Mas o Mestre, em sua generosidade infinita, deseja que seus discípulos gravem em recordação o que ele estava ensinando, e continua seu ensinamento:

– A fé funciona assim:

Então, retira-se sozinho da sala, sai para a rua e fecha a porta. De fora da casa, diz em voz alta:

– Eu tenho fé que os senhores, vocês estão aí, dentro da sala.

Retorna novamente para dentro da casa, reencontra os discípulos, entre eles o Mestre Roberto Evangelista, e afirma:

– Agora eu não preciso mais da fé, pois estou vendo os senhores aqui. Tenho certeza disto.

São tantas histórias. O coração amigo de Mestre Roberto Evangelista era permeado de vivências e saudades. Ele estava sempre pronto a recordar e a ensinar o que aprendeu com seu Guia Espiritual, a corda de seu coração.

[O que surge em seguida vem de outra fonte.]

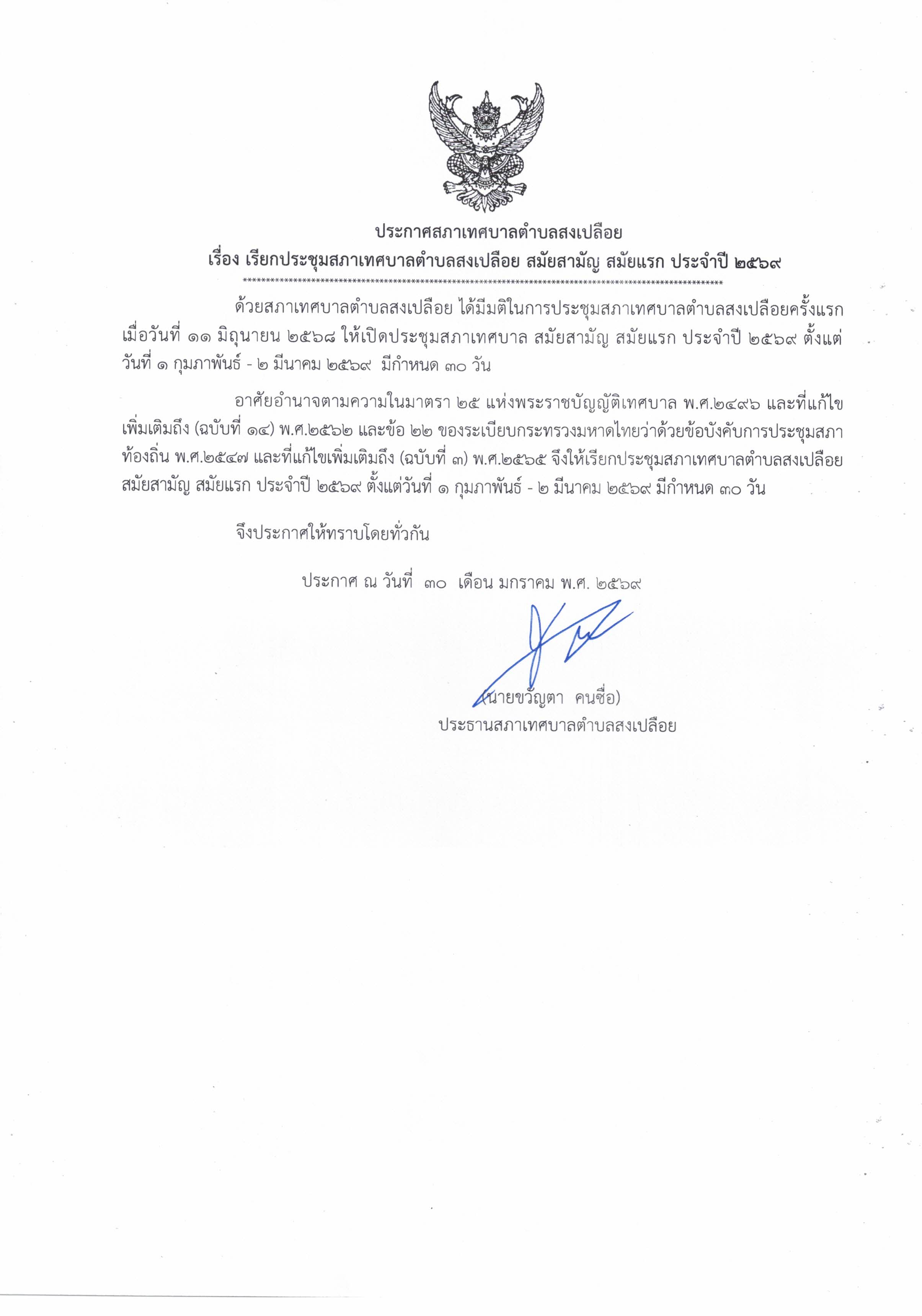 ประกาศสภาเทศบาลตำบลสงเปลือย เรื่อง เรียกประชุมสภาเทศบาลตำบลสงเปลือย สมัยสามัญ สมัยแรก ประจำปี 2569 (ตั้งแต่วันที่ 1 กุมภาพันธ์ - 2 มีนาคม 2569)
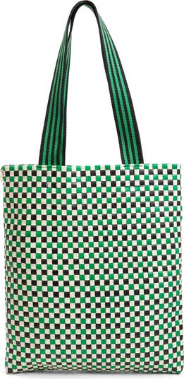 Finely woven leather creates a checkerboard aesthetic on a spacious tote suspended from a pair of webbing shoulder straps for comfortable wear.
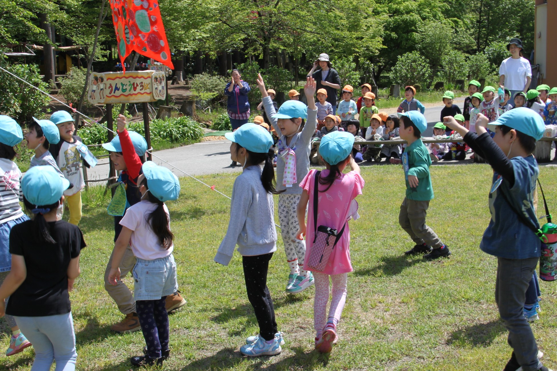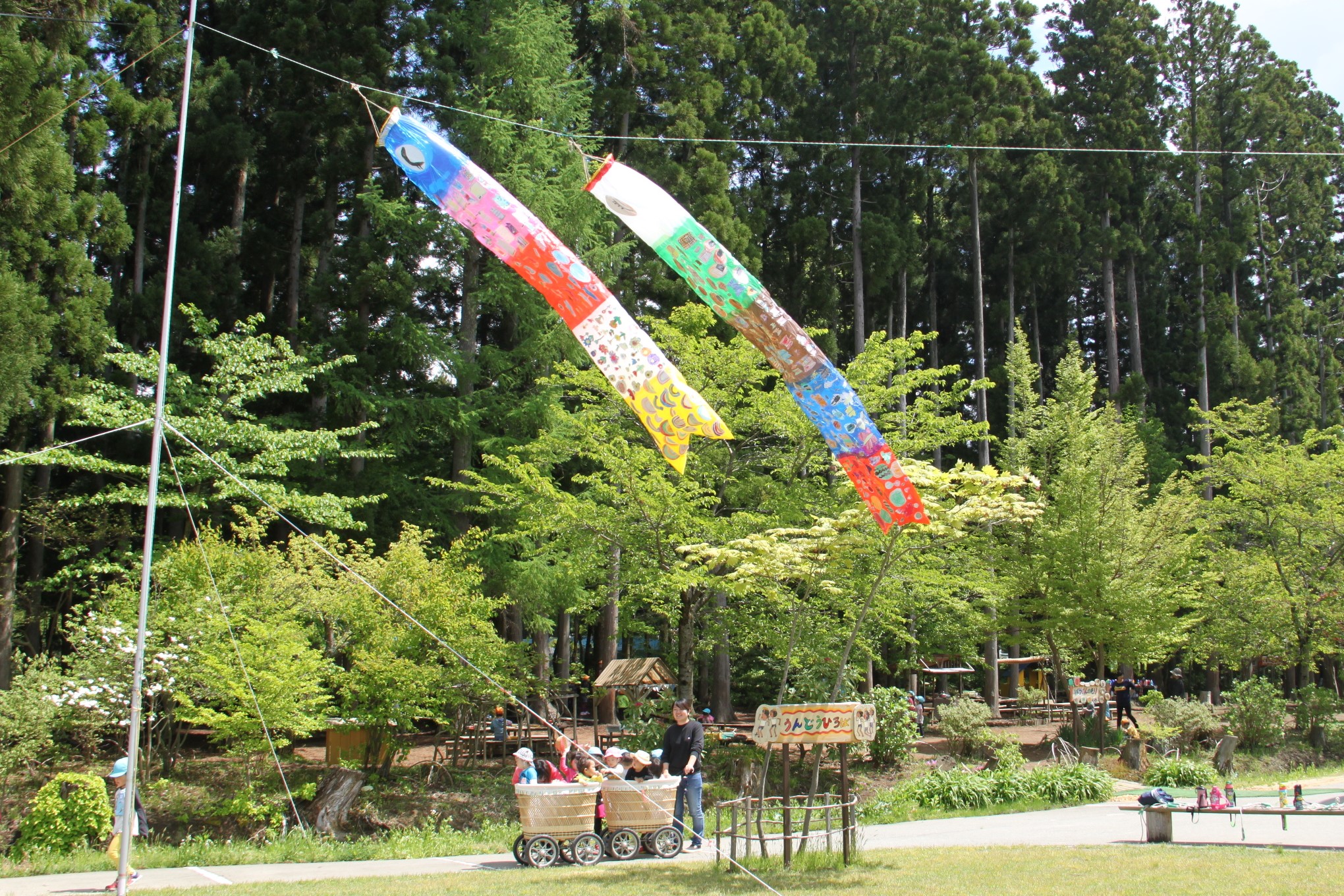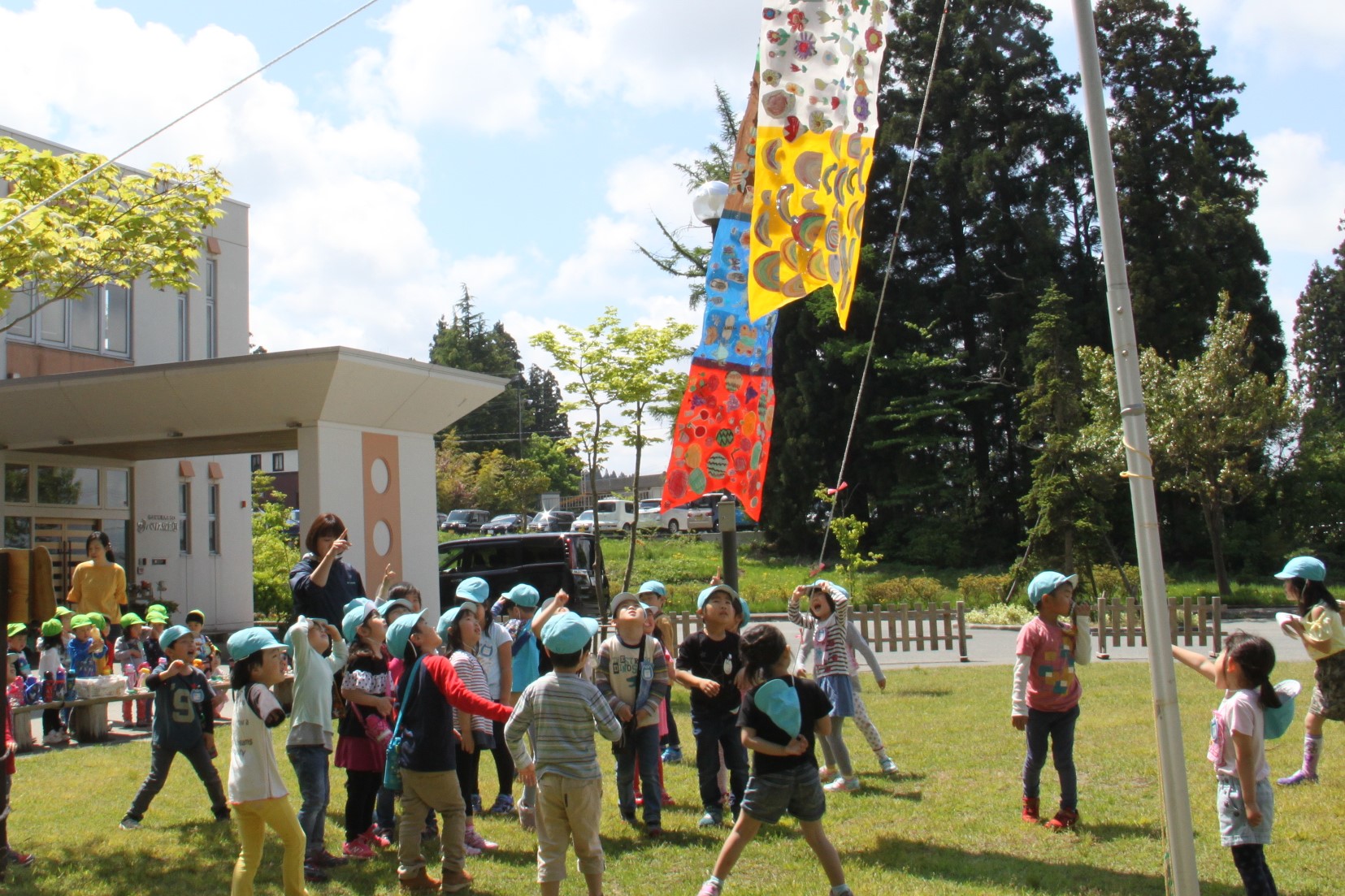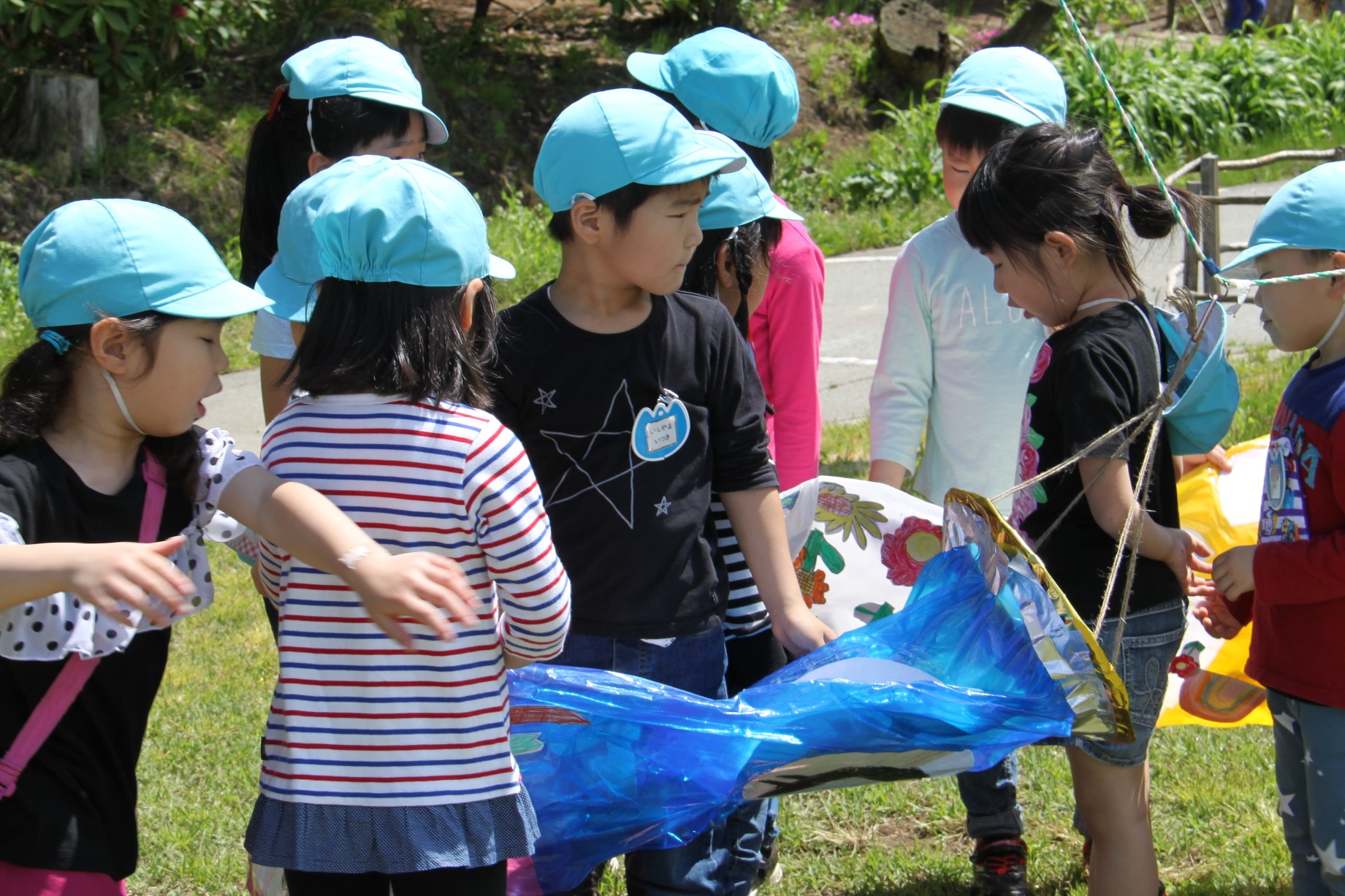 連休明けから製作に取り組んでいた年長組のこいのぼりが空を泳ぎました。最初は自分のミニミニこいのぼりを作って楽しんでいた子ども達。十分に充足感を味わった後に、それぞれにデザインを持ち寄って大きなこいのぼりなりました。色んなデザインを一つのこいのぼり生かすための工夫の跡が見られます。みんなで力を合わせて作ったこいのぼり、それを見た小さい組の子どもたちにもこいのぼりづくりが始まりました。これから何匹増えるのかな?

Um homem cordial, feito o Evangelista, também chamado Roberto, trazia consigo a chama da recordação. Esta palavra – feito brasas, aparentemente cobertas pelas cinzas – vem da mesma fonte, do latim cor. Recordar nada mais é do que o brilho de trazer de novo ao coração aquilo que o tocou; tal o sereno da manhã ao beijar o lago profundo e silencioso do aprender.

Roberto Evangelista raramente falava de si. Em seus afetos e recordações ecoavam mais alto a música interior onde – feito peixes prateados pelo luar, à flor das mansas águas de um igarapé – emergiam as recordações de uma vida plena de encantamentos e vívidos aprendizados junto a Mestre Gabriel. O que me faz lembrar de outro poeta, Rabindranath Tagore:

“Inebriado com a felicidade de cantar, esqueço de mim mesmo e a Ti chamo de amigo, que és meu Senhor”.

Edson Lodi*Edson Lodi é Mestre Assistente Geral (2024-2027) e autor de algumas publicações na União do Vegetal: Estrela da Minha Vida (2012); Cantiga de Viola (2018), Siga Sua Missão (2020), Eu Vi a Lua (2021).

**Haicai de Roberto Evangelista, escrito anos depois do acontecimento.

Publicado originalmente em 10 de fevereiro de 2016.